╭──

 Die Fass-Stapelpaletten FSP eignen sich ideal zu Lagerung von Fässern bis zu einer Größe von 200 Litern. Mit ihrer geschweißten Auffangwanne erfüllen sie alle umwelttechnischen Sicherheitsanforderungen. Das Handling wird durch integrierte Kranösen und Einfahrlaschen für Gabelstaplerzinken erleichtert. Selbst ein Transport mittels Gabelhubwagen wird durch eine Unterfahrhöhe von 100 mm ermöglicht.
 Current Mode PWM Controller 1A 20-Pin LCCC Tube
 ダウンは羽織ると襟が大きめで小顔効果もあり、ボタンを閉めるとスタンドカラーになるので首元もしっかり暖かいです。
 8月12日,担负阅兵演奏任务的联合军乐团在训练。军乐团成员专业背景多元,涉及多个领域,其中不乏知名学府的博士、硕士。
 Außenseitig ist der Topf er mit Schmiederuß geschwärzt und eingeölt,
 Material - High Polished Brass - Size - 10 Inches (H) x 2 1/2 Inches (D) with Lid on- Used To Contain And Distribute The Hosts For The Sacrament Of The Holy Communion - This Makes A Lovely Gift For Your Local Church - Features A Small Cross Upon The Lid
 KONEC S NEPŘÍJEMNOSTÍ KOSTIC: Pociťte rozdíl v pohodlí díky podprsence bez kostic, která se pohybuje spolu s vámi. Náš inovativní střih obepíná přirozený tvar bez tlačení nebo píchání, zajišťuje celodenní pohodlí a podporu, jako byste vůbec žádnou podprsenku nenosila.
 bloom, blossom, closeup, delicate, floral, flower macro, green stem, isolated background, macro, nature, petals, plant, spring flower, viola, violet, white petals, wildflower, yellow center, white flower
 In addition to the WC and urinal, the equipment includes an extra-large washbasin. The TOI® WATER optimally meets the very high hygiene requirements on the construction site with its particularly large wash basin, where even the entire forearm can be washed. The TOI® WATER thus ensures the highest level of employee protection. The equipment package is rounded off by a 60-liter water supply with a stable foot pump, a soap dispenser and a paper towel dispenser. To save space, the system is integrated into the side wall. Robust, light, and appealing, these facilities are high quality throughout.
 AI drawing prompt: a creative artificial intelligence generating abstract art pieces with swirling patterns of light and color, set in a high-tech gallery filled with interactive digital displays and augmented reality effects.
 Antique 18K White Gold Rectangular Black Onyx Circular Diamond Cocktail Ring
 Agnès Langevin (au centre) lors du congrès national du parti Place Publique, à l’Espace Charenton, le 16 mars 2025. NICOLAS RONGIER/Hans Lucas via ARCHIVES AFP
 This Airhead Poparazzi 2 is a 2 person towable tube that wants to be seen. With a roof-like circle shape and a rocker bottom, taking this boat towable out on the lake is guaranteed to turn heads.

╰──

**REQUIRED WORK**
All of the entries need to be given again, word for word.

**EXERCISE RESULT**
 Die Fass-Stapelpaletten FSP eignen sich ideal zu Lagerung von Fässern bis zu einer Größe von 200 Litern. Mit ihrer geschweißten Auffangwanne erfüllen sie alle umwelttechnischen Sicherheitsanforderungen. Das Handling wird durch integrierte Kranösen und Einfahrlaschen für Gabelstaplerzinken erleichtert. Selbst ein Transport mittels Gabelhubwagen wird durch eine Unterfahrhöhe von 100 mm ermöglicht.
 Current Mode PWM Controller 1A 20-Pin LCCC Tube
 ダウンは羽織ると襟が大きめで小顔効果もあり、ボタンを閉めるとスタンドカラーになるので首元もしっかり暖かいです。
 8月12日,担负阅兵演奏任务的联合军乐团在训练。军乐团成员专业背景多元,涉及多个领域,其中不乏知名学府的博士、硕士。
 Außenseitig ist der Topf er mit Schmiederuß geschwärzt und eingeölt,
 Material - High Polished Brass - Size - 10 Inches (H) x 2 1/2 Inches (D) with Lid on- Used To Contain And Distribute The Hosts For The Sacrament Of The Holy Communion - This Makes A Lovely Gift For Your Local Church - Features A Small Cross Upon The Lid
 KONEC S NEPŘÍJEMNOSTÍ KOSTIC: Pociťte rozdíl v pohodlí díky podprsence bez kostic, která se pohybuje spolu s vámi. Náš inovativní střih obepíná přirozený tvar bez tlačení nebo píchání, zajišťuje celodenní pohodlí a podporu, jako byste vůbec žádnou podprsenku nenosila.
 bloom, blossom, closeup, delicate, floral, flower macro, green stem, isolated background, macro, nature, petals, plant, spring flower, viola, violet, white petals, wildflower, yellow center, white flower
 In addition to the WC and urinal, the equipment includes an extra-large washbasin. The TOI® WATER optimally meets the very high hygiene requirements on the construction site with its particularly large wash basin, where even the entire forearm can be washed. The TOI® WATER thus ensures the highest level of employee protection. The equipment package is rounded off by a 60-liter water supply with a stable foot pump, a soap dispenser and a paper towel dispenser. To save space, the system is integrated into the side wall. Robust, light, and appealing, these facilities are high quality throughout.
 AI drawing prompt: a creative artificial intelligence generating abstract art pieces with swirling patterns of light and color, set in a high-tech gallery filled with interactive digital displays and augmented reality effects.
 Antique 18K White Gold Rectangular Black Onyx Circular Diamond Cocktail Ring
 Agnès Langevin (au centre) lors du congrès national du parti Place Publique, à l’Espace Charenton, le 16 mars 2025. NICOLAS RONGIER/Hans Lucas via ARCHIVES AFP
 This Airhead Poparazzi 2 is a 2 person towable tube that wants to be seen. With a roof-like circle shape and a rocker bottom, taking this boat towable out on the lake is guaranteed to turn heads.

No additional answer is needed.